Lihat saja misalnya QS. Ali ‘Imran: 72 (yang menceritakan tentang segolongan ahli kitab yang mengajak muslim lainnya untuk kembali pada agama mereka) dan QS. Al-Mumtahanah: 11 (yang menceritakan tentang istri-istri muslim yang memilih kembali dengan masyarakat jahiliah setelah Perjanjian Hudaibiyah). Kedua ayat tersebut tidak menyebutkan hukuman bagi mereka. 
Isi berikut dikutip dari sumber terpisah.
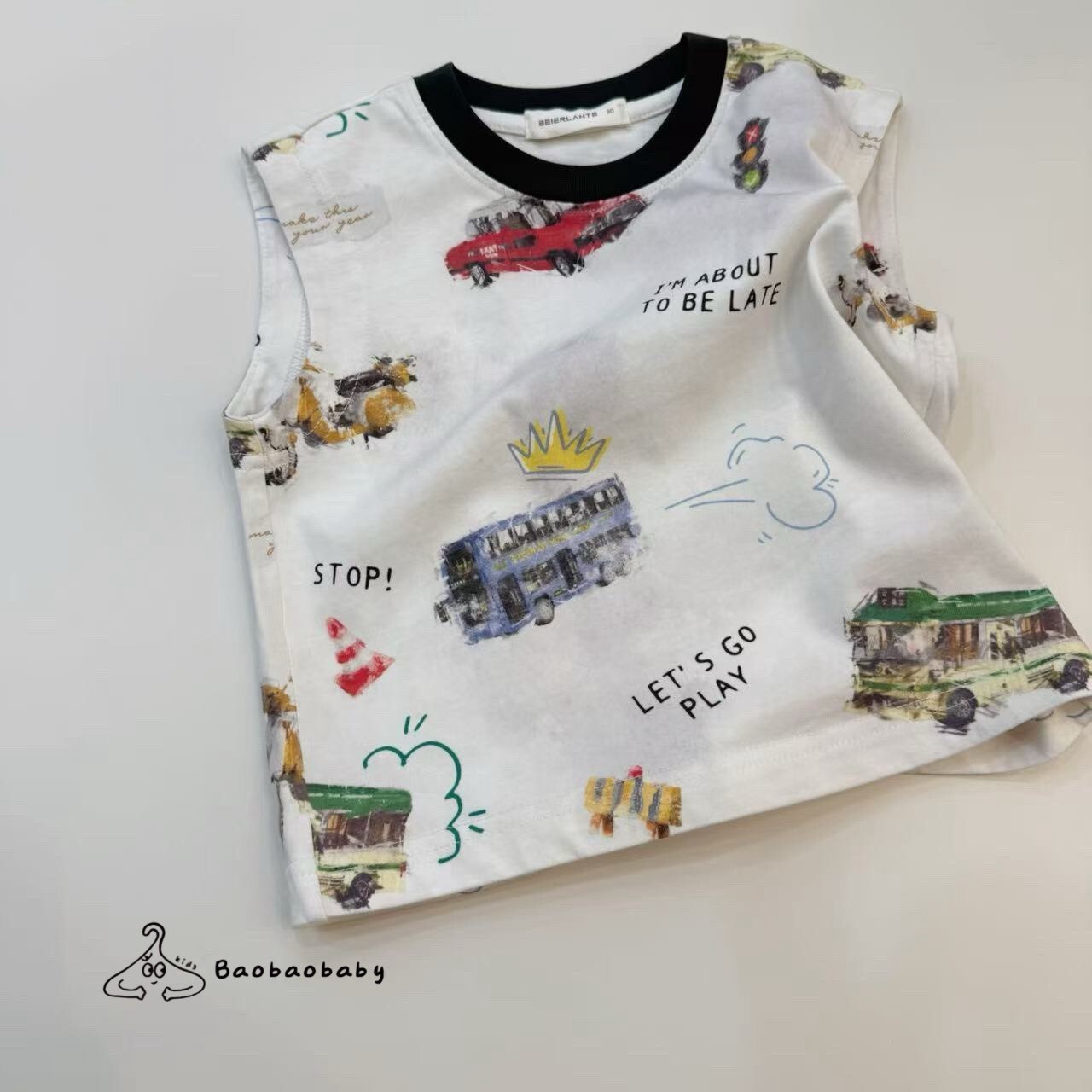 這件「奔跑吧!車車背心」集合了紅巴士、雙層公車、各種移動中的小車車,搭配塗鴉風格印花與俏皮英文字樣,讓寶貝一穿上就像踏上冒險旅程!

Ada hadis lain yang menyebutkan bolehnya seorang murtad untuk dibunuh. Dalam hadis itu dijelaskan bahwa ada tiga kondisi dimana darah seorang muslim boleh ditumpahkan (dibunuh), yaitu jiwa dengan jiwa (qishash karena pembunuhan), pezina yang telah menikah, dan orang yang meninggalkan agama serta memisahkan diri dari kelompok. 

Dalam riwayat Abu Daud, kategori terakhir (orang yang meinggalkan agama dan memisahkan diri dari kelompok) dijelaskan sebagai orang-orang yang keluar dari kaumnya untuk memerangi Allah dan Rasul-Nya. 

Dengan demikian, dapat dipahami bahwa adanya pendapat mengenai hukuman mati terhadap orang-orang murtad sangat berkaitan dengan ranah politis. Hal ini dilakukan untuk mencegah adanya mata-mata yang akan merugikan Islam. Karenanya, seorang muslim yang mengenal baik kondisi Islam, baik aspek sosial, politik, dan lainnya, sangat diperhatikan ketika ia memutuskan untuk keluar dari Islam, agar tidak merugikan masyarakat muslim. 

Mustafa Akyol, penulis buku Islam Without Extremes (2011), juga menyatakan bahwa “kemurtadan dikutuk sebagai kejahatan besar dalam hukum Islam klasik… tapi ini hanya mencerminkan norma abad Pertengahan yang menurutnya meninggalkan komunitas agama juga menyiratkan pengkhianatan politik.”

Argumentasi ini dapat mencegah timbulnya tindak radikalisme hingga terorisme yang berdalih atas nama agama dan sabda Nabi Muhammad Saw, bahwa siapa pun yang murtad boleh dibunuh. Wallahu a’lam.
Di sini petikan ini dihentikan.